Sunday, July 29, 2007

7/29/07 A Boy and His Dog

There isn't much that can separate a boy and his dog, especially when they literally grew up together.

Tommy Kelly and his dog Screwball were a pair like that.

On January 26, 1999, 17 year-old Tommy disappeared from his home in Oregon. His remains were found in a nearby orchard creek bed on June 12, 2000, almost 18 months later.

Screwball just turned 18 years old and was in very poor health. His vet recommended he be put to sleep. Tommy’s dog was an important connection for Vicki to her son Tommy. With mixed feelings, Vicki took Screwball for his last vet visit.

When someone you love is missing, or has passed away, in Tommy's case, possessions of theirs, especially something living, become ties to that person. Losing that possesion, opens wounds that may have partially healed, or at least that'd been set aside, as life goes on.

Vicki Kelly, Tommy's mother, shared the moving story about a very special dog with us:

"Tommy’s 18 yr old basset hound Screwball has traveled to "Rainbow Bridge", where I know Tommy is waiting for him. He was such a special and loyal dog. The day after Tommy went missing, we noticed that Screwball was no where to be found. Because we so hysterical trying to locate Tommy, we called the pound and hoped Screwball would return. The next day we saw a sign down the road from us saying “Found Basset Hound”. It was Screwball. He had walked 2 miles in freezing January weather.

We brought him home, but later that night when we let him out to do his “biz” again he disappeared and a few hours later the same people where he was found called again and said Screwball was back. We were forced to chain him, and didn’t understand why he kept taking off until 2 days later when the news did a story on Tommy’s disappearance. The house he kept going to turned out to be where Tommy was last seen alive.
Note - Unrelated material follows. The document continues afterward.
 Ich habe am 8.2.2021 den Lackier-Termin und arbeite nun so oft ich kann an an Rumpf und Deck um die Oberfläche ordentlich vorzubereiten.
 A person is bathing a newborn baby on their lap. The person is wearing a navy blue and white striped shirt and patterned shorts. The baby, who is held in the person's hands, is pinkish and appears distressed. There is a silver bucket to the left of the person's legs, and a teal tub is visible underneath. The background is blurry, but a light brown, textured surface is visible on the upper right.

Screwball became famous in the news here as the dog who searched for his boy. Screwball was at Tommy's funeral, wearing a bow tie collar, and he laid in front of the coffin during the whole service. It was like he knew, I know he knew.
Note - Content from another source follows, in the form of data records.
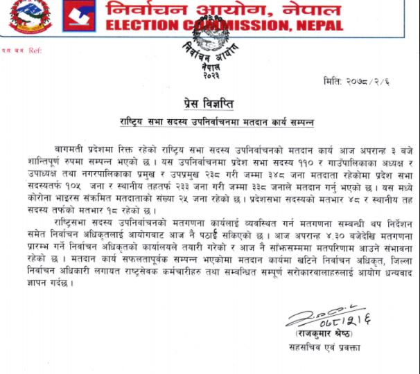 राष्ट्रिय सभा उपनिर्वाचनः ३३८ जनाले मतदान गरे, मत गणना शुरु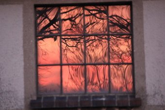 Das Bild zeigt einen Sonnenuntergang als Spiegelung in einem Fenster. Das Bild ist unter CC0 lizenziert und kann somit frei verwendet werden.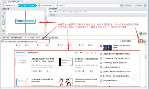 进入采集规则设置界面,将视频网站的URL输入到地址栏,如图点击右侧的按钮,

As I said my goodbye, I told him it was time, he was finally going to find his boy, and to please give his boy licks of love from his Mom.
Goodbyes are so hard, but I know he and Tommy are again playing together.
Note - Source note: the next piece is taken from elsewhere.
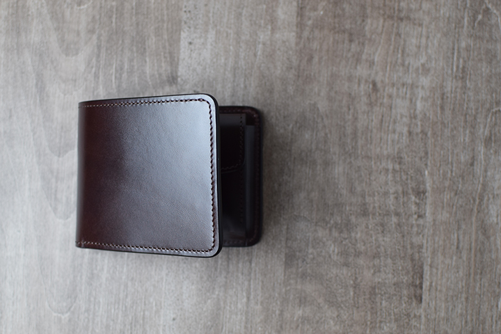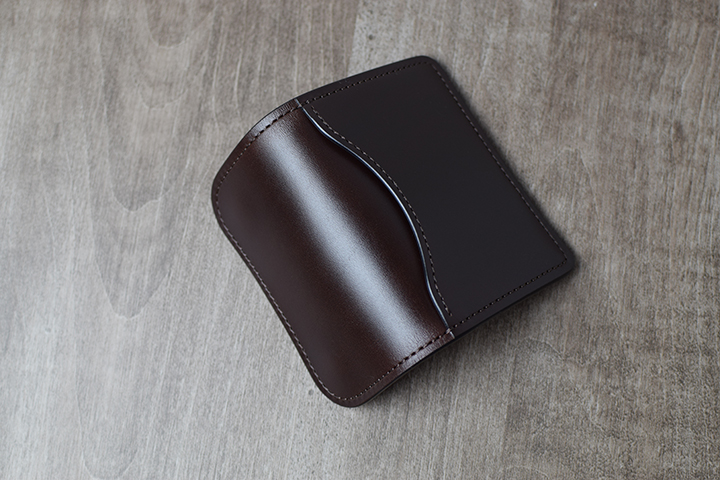 使い始めからどなたにも扱いやすいスタンダードな二つ折り財布のGROUNDERです。先にご紹介したサドルプルアップGENERALと同様に留め具を設けていないので、革が馴染むまでは外装が開いた状態となりますが、1~2年して革が馴染むと少しずつ外装が閉じるようになります。

It is amazing the connection and special bond we humans can have with a pet.

Until we meet again Leopold Napoleon Screwball”

As a result of their experience of having a missing child, the Kelly family formed the Tommy Foundation to help parents deal with the loss of a child, and to show them how to search, and to cope.

Vicki said, "When Tommy's remains were recovered, we made a vow to be a voice for missing children and child safety. We had the choice to either let it destroy us and become reactive, or become proactive." In May of 2001, on National Missing Children's Day, the Oregon legislature passed the Tommy Laws and they formed the Tommy Foundation. The Tommy Laws require police to be trained in how to search for missing children.

Vicki Kelly, along with Project Jason Campaign for the Missing volunteer Robert Bristow, helped pass the model legislation in Oregon earlier this year.